In between premieres of his latest film, "Nocturnal Animals," in Venice and Toronto, fashion designer and filmmaker Tom Ford has launched a fall collection at New York's fashion week and picked up the prestigious Golden Lion award for his film in Venice.
But for Ford, the two realms are kept fastidiously apart. At the film's Toronto debut, he promised the audience there are no Tom Ford products in "Nocturnal Animals," as if such placements would be an appalling collision of worlds, an unholy tainting of his purer cinematic self.
"Nocturnal Animals" confirms both the directing talent evident from Ford's acclaimed debut, "A Single Man," and his strong desire to make filmmaker perhaps his foremost identity. "I would love to do it every three years for the rest of my life," he says in his deep, distinctively precise voice. "I'm very serious about it."
The film, which will be released Nov. 18, stars Amy Adams as a high-end Manhattan gallerist whose vacuous life is interrupted by a manuscript from her ex-husband (Jake Gyllenhaal). Though the tale — a murder thriller set in the rural West — is fictional, it has profound personal meaning to their long-ago relationship.
In an interview shortly after the film's premiere in Toronto, Ford spoke about the schism between his two personas and why, as he said, "moviemaking is the most fun thing I can think of."
Q: What does filmmaking give you that fashion doesn't?
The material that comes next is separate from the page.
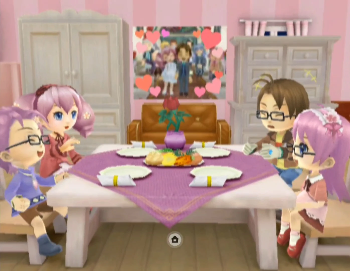 The game will immediately shift to your evening meal, where your entire family is spending their last night together before your chosen child leaves for Waffle Island.

Ford: You will never feel the impact a dress had when whoever walked into a room for the very first time and they just were so breathtaking beautiful. Whereas film, you can capture that and it lasts forever. You can watch an old movie from the '30s and you're right there with them. You're feeling with them. You're crying with them. They're dead. They're all gone. But you're back in that world. And for someone who likes to create, that's the ultimate design project of all time. For me, if everybody ever needed to know who I am or who I was at a certain moment in my life, you can watch "A Single Man." I'm George. That's it.
Q: Does it disappoint you that it's been seven years since your first film?
Ford: It does. I don't even know how that happened. Life goes by. When I had "A Single Man," I just had a men's business. I then opened a women's business. The women's business is treacherous. I opened 100 stores. I launched quite a few different projects. And when I had my son, I said I want to be a very hands-on father. I said I didn't want to make a movie until he was 3 or 4. The day he turned 3, we started shooting.
Q: While the sleek interiors of Adams' character's stylish New York life is surely familiar to you and doesn't differ greatly from those of "A Single Man," the Texas thriller half of the film is a departure.
Ford: Very few people see me in that life. My family's been in Texas for 200 years. If I put on a cowboy hat, I don't look stupid. Instantly, you see the genetics. I didn't grow up wearing suits. That's a world I'm very comfortable in. And I'm torn and split between the two. I'm one of these people who create all this fake, artificial stuff that we all consume. And like Amy's character, I am attracted and repulsed by it. I've had the good fortune to know that it does not bring you happiness. It's a struggle, really, because I am creating it.
Q: I gather that control is an essential ingredient for you.
Ford: Control's my favorite word. It's not an accident my light (from the window) is tipped this way and the light's coming at me and you're backlit. It's actually second nature. I don't even think about it anymore. Maybe the older I get — I just turned 55 — we're not in control of anything. We're just not. That doesn't mean I don't keep trying.
Q: Has it been difficult to obtain that in your two films? To have final cut?
Ford: Lipstick pays for that. I have the ability to finance. My first movie, I couldn't get financing for it. I don't think anyone really believed I could make a movie. My friend David Geffen said: "Pay for it. There's no better investment than yourself. Pay for your movie." I can't work if I don't have control. It's not an egotistical thing. It's that I've learned over time that I can't give my best or produce the best product. When I hear a lot of voices, it derails me. It confuses me. I will only ever make a movie if I control the underlying rights.